Nevertheless, they almost always succeed in figuring it all out by the end of the season.
A fan favorite way to track the group’s progress throughout the season is with a spreadsheet, like this one I made for season 4 in 2017 (check out the different tabs to see the impact of progressively more information). With some thorough book-keeping, you can deduce perfect matches and sometimes even solve the entire thing before the season is over. It’s fun, but it’s also a bit tedious.^{3}
In 2017, when Season 5 was airing, I made ayto-calculator, a script that tracked couple probabilities as information came in.
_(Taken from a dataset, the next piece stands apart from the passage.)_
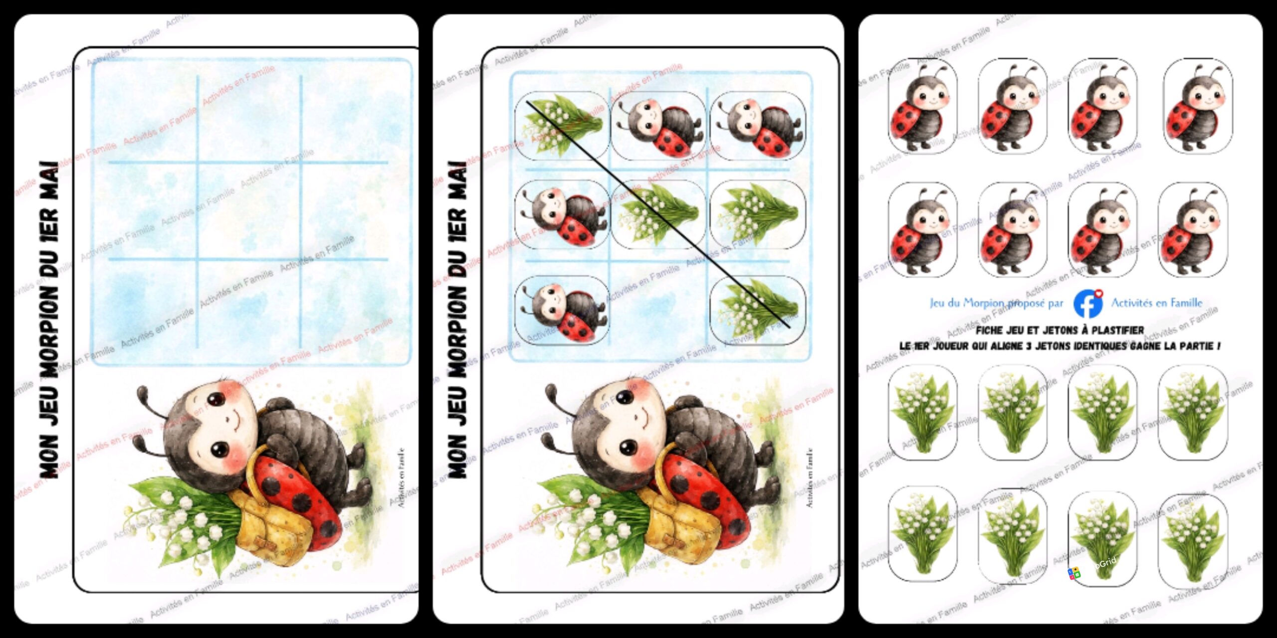 Si je vous parle du jeu du morpion, ça vous dit quelque chose ? Moi ça me rappelle des souvenirs d’enfance, alors j’ai décidé de réaliser des jeux du morpion sur différents thèmes à plastifier de manière à varier les plaisirs !

In 2019, I made pyto to handle Season 8’s unique format (see footnote 2) and gave a presentation about it at work.^{4}
A couple of weeks ago I got an email from a fan of the German version of the show seeking help on running my code. Getting my 2017 code working again was…unpleasant, so I started thinking about how I might implement this 6 years later, with a lot more Python knowledge under my belt. A few days later when I found out that the show was coming back for another season after a three-year hiatus, I knew I had to do a real rewrite to prepare.
And so a third repo, ayto, was born. It’s available on PyPI and can be installed by anyone with pip install ayto
. This is what it looks like in action:
from ayto import AYTO
guys = ["Albert", "Bob", "Charles", "Devin", "Eli"]
girls = ["Faith", "Gina", "Heather", "Ingrid", "Joy"]
season = AYTO(guys, girls)
print(season.num_scenarios)
# 120
print(season.probabilities)
# Albert Bob Charles Devin Eli
# Faith 0.2 0.2 0.2 0.2 0.2
# Gina 0.2 0.2 0.2 0.2 0.2
# Heather 0.2 0.2 0.2 0.2 0.2
# Ingrid 0.2 0.2 0.2 0.2 0.2
# Joy 0.2 0.2 0.2 0.2 0.2
# Bob and Heather go to the Truth Booth and learn they're not a match
scenarios_remaining = season.apply_truth_booth("Bob", "Heather", match=False)
print(scenarios_remaining)
# 96
# A Matchup Ceremony with 2 beams of light (i.e. 2 correct couples)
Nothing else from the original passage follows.